(What is being asked): Tally the lines of the listing below in which the string "with" occurs, and give the tally alone.

(Records provided):
━━━━━━━━━━━━━━━━━━━━
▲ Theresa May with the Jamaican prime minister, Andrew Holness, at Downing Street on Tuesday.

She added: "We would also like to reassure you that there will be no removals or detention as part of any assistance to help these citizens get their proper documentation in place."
━━━━━━━━━━━━━━━━━━━━
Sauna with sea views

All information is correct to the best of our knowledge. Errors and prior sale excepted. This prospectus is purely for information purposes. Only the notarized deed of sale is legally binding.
━━━━━━━━━━━━━━━━━━━━
(Task result): 2